If you’d like to make a cryptocurrency donation worth over $1,000 (BTC or ETH) please contact funds[at]effectivealtruism[dot]org for more details.
Making recommendations
Winners will have the option to make recommendations to the Centre for Effective Altruism, which is the legal entity backing EA Funds. However, CEA may face constraints in the particular organisations that it can make grants to, and is likely to be somewhat averse to approving riskier grants. To allow for more flexibility, we’ll also offer potential winners in the US or the UK the option of setting up a Donor Advised Fund that can handle the grantmaking instead (if a winner arises in another country we’ll explore options for setting up a similar system, but can’t guarantee that this will be possible). If you win a lottery block, we’ll talk to you about your preferences.
For more information please see the ‘Caveats and Limitations’ section of the Donor Lottery page.
Previous donor lotteries:
- 2017-18: $100,000 lottery, won by Adam Gleave, who generously published a report on his grant recommendations
- 2018-19: a $100,000 lottery (no winners) and a $500,000 lottery won by an anonymous donor (grant decision in progress)
Further reading:
- Announcement post for 2018-19 donor lottery
- Announcement post for 2017-18 donor lottery
- Carl Shulman’s initial proposal for donor lotteries
SamDeere @ 2020-02-03T15:27 (+13)
Update – winners have been drawn!
Thanks everyone who participated this year. The lotteries have been drawn and both had a winner!
- $100k – Echo Nolan
- $500k – Elizabeth Barnes
Congratulations both!
Raemon @ 2020-02-04T02:00 (+3)
Congrats!
richard_ngo @ 2019-12-03T10:13 (+12)
2018-19: a $100,000 lottery (no winners)
What happens to the money in this case?
SamDeere @ 2019-12-03T14:43 (+9)
The money is kept aside as the first tranche of backstop for future donor lotteries – if someone wins, we'll first draw from this pool of money to cover the pot, and then we'll use the lottery guarantor's money to cover any remainder.
Jonas Vollmer @ 2019-12-04T14:57 (+10)
I was confused by this as well. Does "no winners" mean "the backstop funder won"? If not, how can there not be a winner?
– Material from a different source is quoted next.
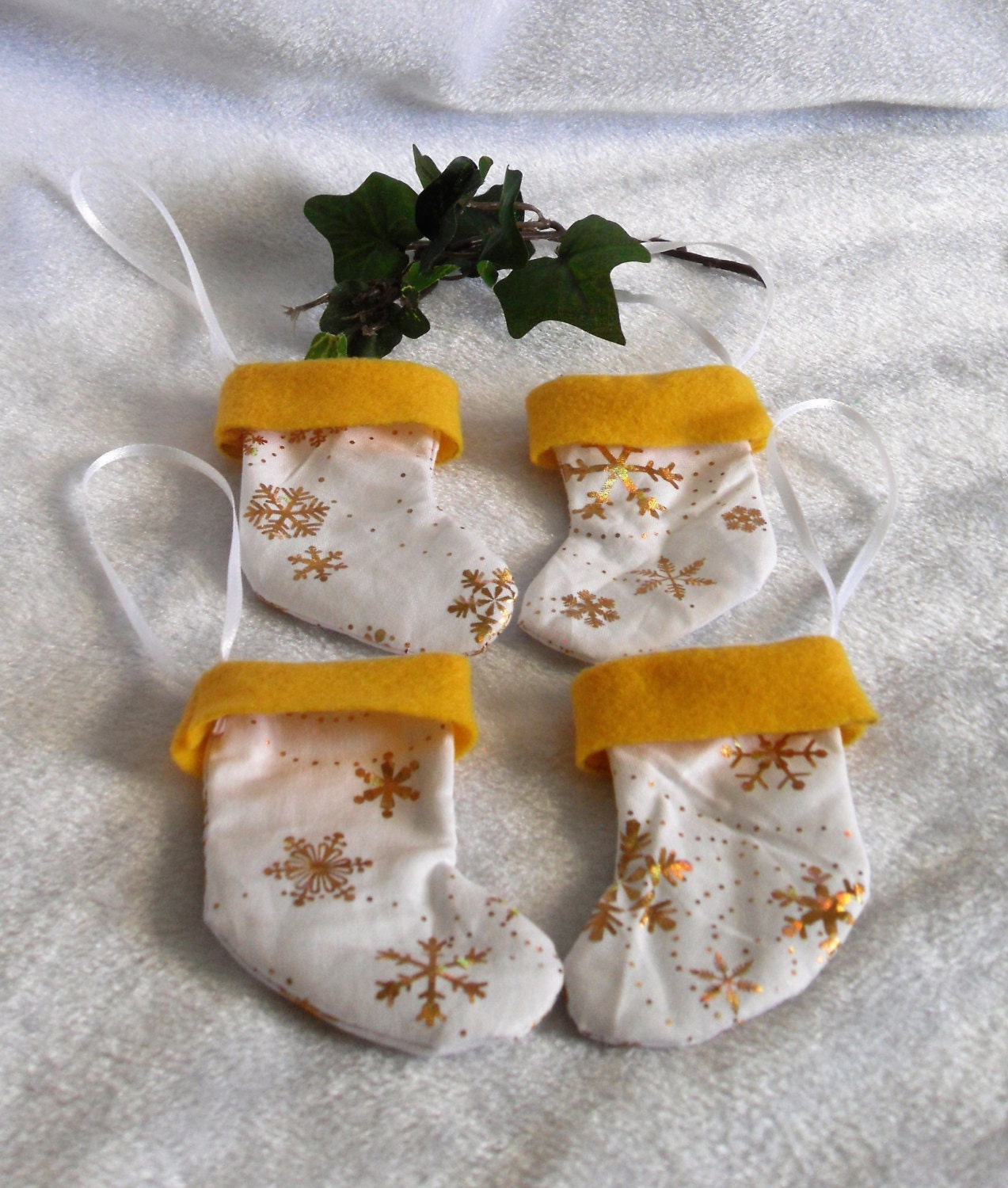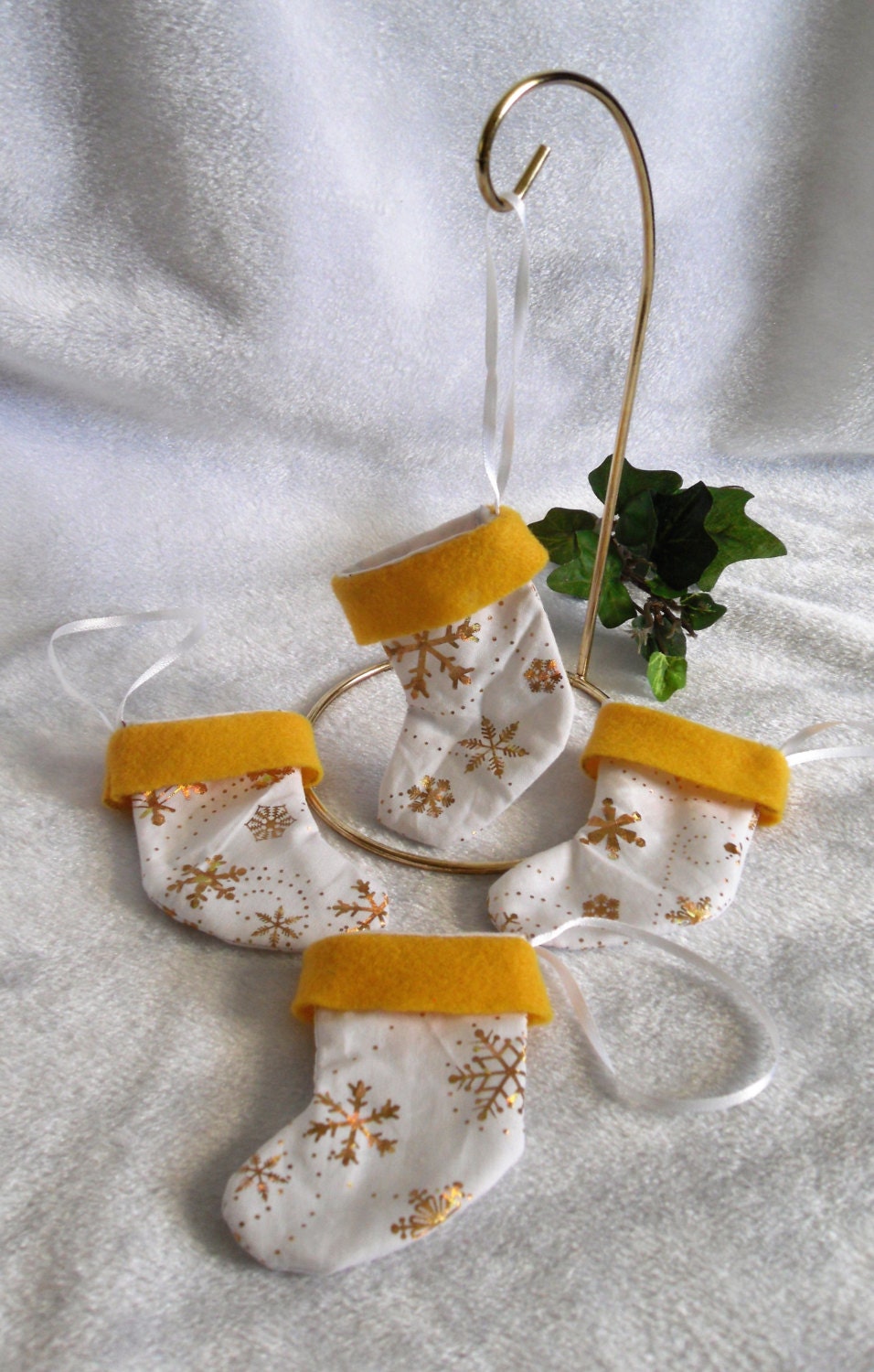 Shimmery gold metallic snowflakes falling on the white background of these stocking ornaments add a touch of glimmer and shine to the Christmas tree decor. Yellow gold felt cuffs add to the contrast while the white ribbon hangers keep it together and classy. These would also be cute tied to a gift, or as a stocking for your guinea pig or small animal!

jpaddison @ 2019-12-04T21:17 (+7)
Yes, that's what it means.
You can think of the backstop funder as being a regular participant who happens to enter with the amount necessary to bring it to the promised pool size. This was basically the way we viewed it for the first lottery. The newer incarnations have shifted towards the view of the backstop funder as part of the infrastructure of the lottery. It's not much of a meaningful change, just a expression of the likelihood that the funder will want to do something with the winnings other than fund the lottery the next time and some (ambiguously intentional) nomenclature shifts.
jpaddison @ 2019-12-05T02:16 (+5)
Wait I missed a chance to link to my favorite part of the lottery UI – check out this beautiful visualization: https://app.effectivealtruism.org/lotteries/63715163508812
Raemon @ 2019-12-29T02:25 (+5)
I just donated to the first lottery, but FYI I found it surprisingly hard to navigate back to it, or link others to it. It doesn't look like the lottery is linked from anywhere on the site and I had to search for this post to find the link again.